Impact of PBMs on employers/payers

Payers can benefit from a PBM through management of prescription drug benefits for members. Because the contracts are often one-sided and complex, partnering with PBMs often results in limited savings.

Only 30% of employers understood the clauses of their PDM contracts, according to a study by the National Pharmaceutical Council.

Research from Cigna showed that employers sponsoring their own health plans can save annually with integrated medical and pharmacy benefits. They can also bolster member patient care and self-management.

Although tackling prescription spending without the help of a PBM is beneficial, employers/payers still need to weigh the pros and cons of partnering with PBMs.

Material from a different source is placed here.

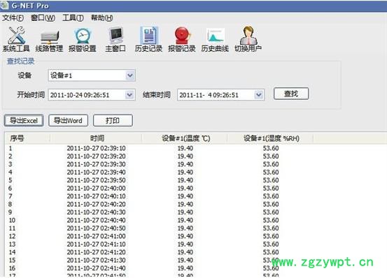 2、历史数据界面,可以导出不同格式,如:EXCEL,WORD格式
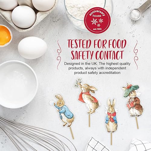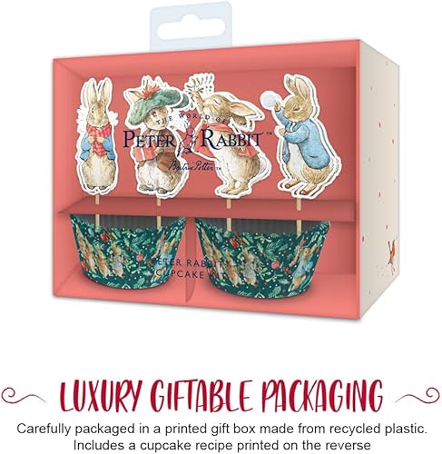 Anniversary House Peter Rabbit™ Kit de pâtisserie officiel de 36 pièces pour cupcakes de Noël, 12 décorations de gâteaux et 16 caissettes à cupcakes, ensemble de décoration de gâteaux, cadeau Beatrix

Lack of Regulation and Transparency

Through all these scenarios, a commonality is the lack of federal regulation and transparency that allowed PBM practices to take advantage of their role in the healthcare marketplace and make money at the expense of patients, payers, and pharmacies.

Something needs to be done.

Lawmakers are pushing to fill in what’s lacking and make PBMs more accountable.

In California, legislations are being proposed to boost transparency in PBM dealings. One of these legislations require pharmacy benefit managers to provide information about how much they paid for a drug, including administrative fees, acquisition costs, and rebates received.